In fact, the first problem should include the condition "$\lambd \ne 0$" to be true (that is implied in the use of $1/\lambda$ but it should have been said.
There is a very simple proof that if $Ax= \lambda x$ (and $\lambda \ne 0$) then $A^T x= (1/\lambda) x$ that does not use "diagonal matrices" etc. but just the fact that $A^TA= I$.

Last edited: Jan 7, 2008
5. Jan 7, 2008

### Bertrandkis

Special thanks to Defennnder and Jim Kata for your contributions. HallsofIvy, I am not asking for people to do my homework for me, The first 3 exercises are from some notes I downloaded from the internet, the fourth question is from the book "Introductory Linear Algebra with Applications" by Bernard Kolman and it's not home work as you think.

I did not post my solution for the sake of keeping the post short and as you can see from my post,I am strugling to format the mathematical notations.

I will appreciate if u could point me toward theorems or give clues that will lead to the solution. In your 2 replies to my posts, it's sounds like you are rebuking me, and that is not needed.

6. Jan 7, 2008

### malawi_glenn

Jim Kata and Bertrandkis: read and follow the rules, it is sipmle, just as HallsofIvy said.

7. Jan 7, 2008

### CompuChip

Is the fourth question even true?
In any case it is true that
$$B^{-1} A v = A B^{-1} v + [B^{-1}, A] v = \lambda v + [B^{-1}, A] v$$
if all the matrix products exist, where [A, B] = A B - B A denotes the commutator, so in first instance I'd only expect the statement to be true if A and B^(-1) commute or any eigenvector of B^{-1}A is also an eigenvector of the commutator.

8. Jan 7, 2008

### Defennder

What's a commutator? Doesn't $$AB^{-1}(Ax) = \lambda(Ax)$$ show they have the same eigenvalues?

9. Jan 8, 2008

### Jim Kata

In doing such aren't you assuming $${\mathbf{A}} \in O\left( n \right)$$. I didn't see any mention of that in the question. I think it's just saying $${\mathbf{A}}\in Gl\left( n \right)$$. I guess I was wrong in assuming that all non singular matrices are diagonalizable by their eigenvectors, but since the question explicitly mentions eigenvalues in the question I think it's fair to assume that in this case the matrix is diagonalizable by its eigenvectors.

10. Jan 8, 2008

### morphism

For 3, it's not too hard to prove that |det(A)| is the absolute value of the constant term of the characteristic polynomial of A. Why does this help?

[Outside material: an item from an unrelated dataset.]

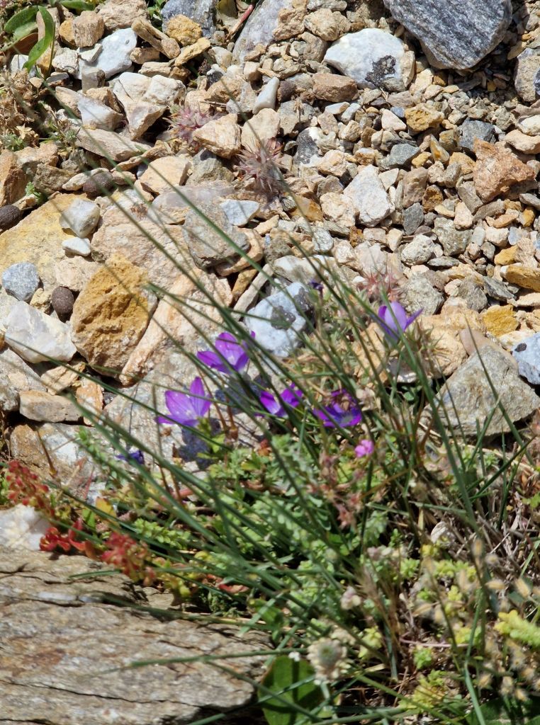 Le temps de s’arrêter pour faire une photo ou deux, je marche sur le sol pierreux, où poussent de toutes petites fleurs délicates, campanules mauves après l’infiniment grand, l’infiniment petit !

For 4, we can note that AB-1 - kI = BB-1AB-1 - kBB-1 = B(B-1A - k)B-1. Using this, one can prove that AB-1 and B-1A have the same characteristic polynomial.

11. Jan 8, 2008

### HallsofIvy

Staff Emeritus
True, I misread the problem and then confused AT with A-1!

As for your last statement, "I think it's fair to assume that in this case the matrix is diagonalizable by its eigenvectors", no, it's not. Just having eigenvectors is not enough. In order to be diagonalizable, a matrix must have a complete set of eigenvectors. That is, a basis for the space consisting entirely of eigenvectors. A diagonal matrix has its diagonal numbers as eigenvalues, each corresponding to the basis vectors (1, 0, 0, ...), (0, 1, 0, ...) etc. If a matrix has two or more duplicate eigenvalues, It may or may not have two (or more) independent eigenvectors corresponding to that eigenvalue.

A simple example is
$$\left[\begin{array}{cc} 1 & 1 \\ 0 & 1 \end{array}\right]$$

It has a "double" eigenvalue, 1, corresponding to eigenvalue (1, 0) (and multiples of that). Since there is no other independent eigenvector, it is not diagonalizable. Obviously, if we could write it as a diagonal matrix, it would have to be
$$\left[\begin{array}{cc} 1 & 0 \\ 0 & 1 \end{array}\right]$$
and that is obviously not equivalent to
$$\left[\begin{array}{cc} 0 & 1 \\ 0 & 0 \end{array}\right]$$

12. Jan 9, 2008

### Bertrandkis

Morphism, your explanation for question 4:
AB-1 - kI = BB-1AB-1 - kBB-1 = B(B-1A - k)B-1. has confused me.
As far as I know, to prove that AB^-1 and B^-1A have the same eigenvalues one has to show that they have the same characteristic polynomial viz
det($$\lambda$$I - AB$$^{-1}$$)=det($$\lambda$$I - B$$^{-1}$$A). This is where I get stuck.

I tried to follow the suggestion by defennnder, starting from $$B^{-1}Ax = \lambda x \\$$
multiply by A on the left on both sides of the equation,
$$A B^{-1}Ax =A \lambda x \\$$ then $$A B^{-1}Ax =\lambda A x \\$$
this yields $$(A B^{-1})Ax =\lambda A x \\$$ and it can be concluded that
$$A B^{-1}=\lambda \\$$. This is not the desired conclusion.

Is there anyone out there who can give a black and white proof of this?

13. Jan 9, 2008

### Defennder

You've got it right up to here.

No, this doesn't follow. $$AB^{-1}$$ is a nxn matrix, whereas $$\lambda$$ is a constant, an eigenvalue. In general, you cannot simply cancel Ax on both sides of the matrix equation. This is matrix algebra, not algebraic manipulation. Furthermore, now note that your equation $$A B^{-1}Ax =\lambda A x \\$$ shows that $$AB^{-1}$$ has $$\lambda$$ as an eigenvalue but Ax, rather than x as an associated eigenvector.

14. Jan 9, 2008

### Bertrandkis

Thanks Defennnder, Now I am with you. Thank you for your help.

15. Jan 9, 2008

### morphism

Use the fact that det(AB)=det(A)det(B).

16. Jan 9, 2008

### Defennder

How do you start to prove that? Evaluating determinants by co-factor expansions for nxn matrices become very messy.

17. Jan 9, 2008

### Dick

The characteristic polynomial is det(A-xI). Put x=0. You don't have to cofactor anything.

18. Jan 9, 2008

### Defennder

Isn't the characteristic polynomial $$det(\lambda I -A)$$? And how is possible to put x=0 (I'm assuming you mean x as a constant, not a column vector) if 0 is not an eigenvalue of A, which holds if A is invertible?

19. Jan 10, 2008

### HallsofIvy

Staff Emeritus
Are you serious? Dick wrote det(A- xI) and you wrote det(A- $\lambda$ I). Those are exactly the same thing with x= $\lambda$. The characteristic polynomial for any matrix is det(A- xI) which clearly has "constant term" det(A). The eigenvalues, $\lambda_1$, $\lambda_2$, etc. are the solutions to the equation det(A- xI)= 0.

20. Jan 10, 2008

### Defennder

Well actually that's not what I meant, but anyway I think I got morphism's point now. I just can't quite figure out why the absolute value of the constant value of characteristic polynomial of A implies that it is the absolute value of the eigenvalues of A.